Yesterday as Eli and I were walking along the road – not doing sadhana but going for Chai – we saw a man lying in the road and thought there must have been an accident. But then he started rolling. He was clad only in his dhoti (or is it lungi? One of them is like a diaper and the other is like a towel wrapped around. This man was in the diaper-thing). He was saying the mantra “Om Namah Shivaya” which is a way of saying the name of God. For every repetition of the Name he would roll. He was rolling clockwise (pradakshina) around his own central axis (spine) as well as around the mountain. He would be doing that continuously for a minimum of 48 hours. 48 hours would pretty much be speed-rolling as it usually takes much longer. He was doing all of this on the open road. That means his unprotected body would be rolling over dung and stones and burning hot surface, without a pause. Nobody was sweeping up the way in front of him. He did have one friend standing guard to make sure he didn't get smashed by traffic. Sounds crazy, right? Well maybe it is but I think it is intense devotion too. I admire it even though I couldn't begin to emulate it. The Indians can do this kind of practice because they know how to suffer. We don't. Not the way they do. So they take their devotional practice to their edge – just like a lot of westerners do. But the Indian edge is a lot sharper. Anyway, I don't think “crazy”---I think “holy”.

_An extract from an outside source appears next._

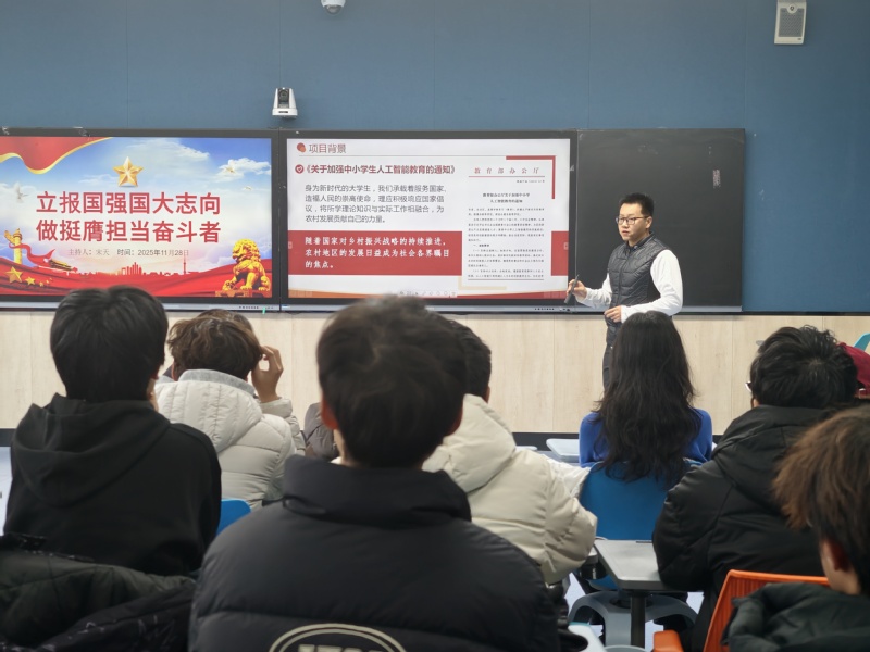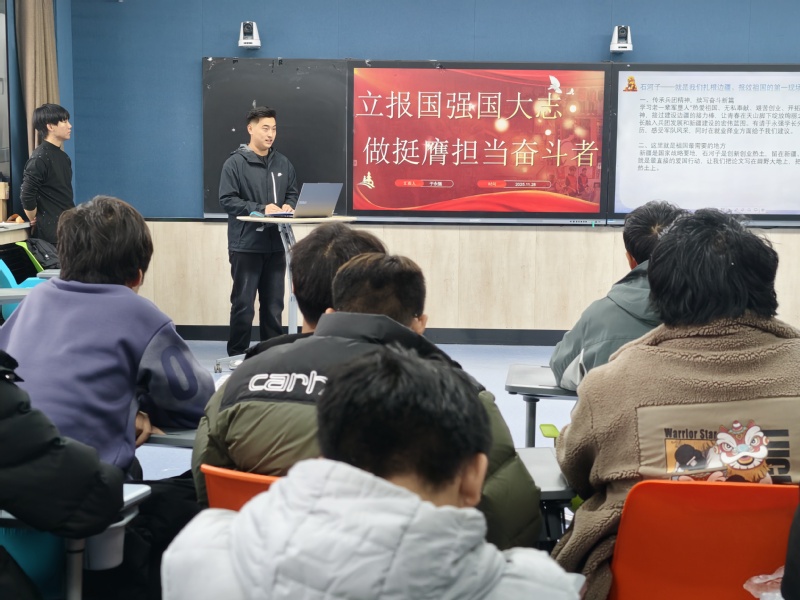 11月28日,软工20254班(NIIT)开展“立报国强国大志,做挺膺担当奋斗者”主题班会。班会由班长宋天主持,此次活动邀请辅导员华瑞老师与2022级于永强学长分享经历,引导同学们将个人理想融入国家发展大局,用实际行动践行“强国有我”的青春誓言。

But I do have some opportunities to think “crazy”. There are some westerners here who seem to me to be either crazy or deeply deluded or just annoying. Here's one description and then I'll quit being so judgmental. I saw a man who had tons of Rudraksha Malas hanging around his neck. (A rudraksha mala is like a rosary and is used, like a rosary, to count prayers. It is also an emblem of dedication to practice. It is not supposed to be worn as jewelry but rather should be worn tucked inside your clothes). This guy had Rudraksha – Bling going on. I overheard him tell someone that he didn't know yet where he would go next – he was waiting for the mountain to tell him. Meanwhile he was enjoying multiple cups of chai, chatting with “hot” French spiritual seekers and watching the rolling saddhu.
Eli and I are continuing to love being here.....we were going to leave today but we are extending things a bit and probeably won't leave until the 4th. I still haven't circumambulated the mountain but I have meditated in both the Ramana Maharshi cave....that was amazing. And I visited the reconstructed Shiva temple here he first sat at the age of 16. That was amazing too. Happily Volker was our guide as otherwise there would be no way I could have understood even a smalll percentage of what I saw.
AND! I've discovered a German bakery here that makes German style cheesecake that takes me into a state of Bliss. So I maybe I don't have to practice X-Treme Abhyasa to attain Nirvana. Yeah...that's it....the Mountain told me.